Nikole Baker – 6/18/15

 


This page was last updated on June 24, 2015.


Gas severance tax will protect our resources; Nikole Baker; Beaver County Times; June 18, 2015.

Below is a detailed critique of the subject letter.


“Pennsylvania is the only drilling state without a severance tax, yet it is one of the richest sources of shale gas in the world.  As it is now, this highly profitable industry is profiting from our state’s resources without actually investing in it.”

[RWC] According to the Tax Foundation, PA’s business tax climate already ranks 34th for 2015, three positions worse than 2014 and 13 positions worse than 2012.

“A practical severance tax will finally force drillers to pay its fair share to our state, an equitable proposition for the people of Pennsylvania to which the industry is staunchly opposed.  It will offset the health risks of gas drilling while raising revenue to implement low-carbon alternatives.  It will also provide us with a necessary start towards safer drilling and cleaner energy.”

[RWC] Ms. Baker failed to mention PA has an impact fee in lieu of a severance tax.  According to the Post-Gazette, “Pennsylvania communities to share $223 million in drilling impact fees” from 2014.

You may recall even the BCT finally conceded taxing Marcellus gas is “a tax that is paid by consumers” and acknowledged “Raising taxes could slow the economy.”  No mention of that here, though.

In case you missed it, Ms. Baker wants us to force natural gas drillers/producers to subsidize (“invest”) their competitors (“low-carbon alternatives”).  Check that; since the severance tax is “a tax paid by consumers,” Ms. Baker wants consumers (you and me) to subsidize “low-carbon alternatives”
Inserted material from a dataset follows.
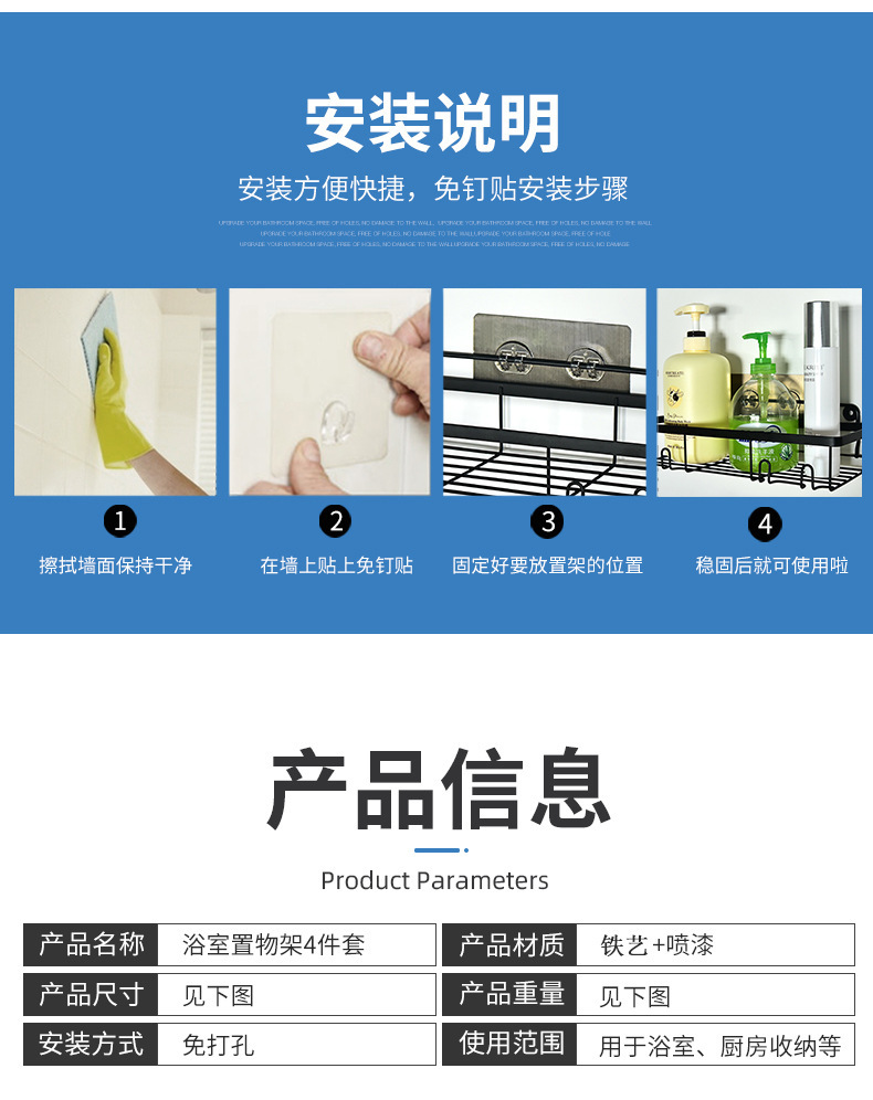 Набор из пяти стеллажей для ванной из кованого железа, без сверления

“A just severance tax will protect Pennsylvania’s natural resources — our land, air and water.  It will introduce more clean energy and energy efficiency programs, which will cut down on our state’s pollution.  In turn, these programs will result in a healthier future for our citizens now, as well as future generations.”

[RWC] While I’m not unalterably opposed to impact fees and/or severance taxes within limits, they don’t represent “found” or “free” money.  For example, why should fees/taxes on Marcellus gas go for anything other than covering regulatory costs and local infrastructure issues specifically related to drilling?  Anything else creates a slush fund for politicians to spend as is/was the case for Medicare and Socialist Security taxes.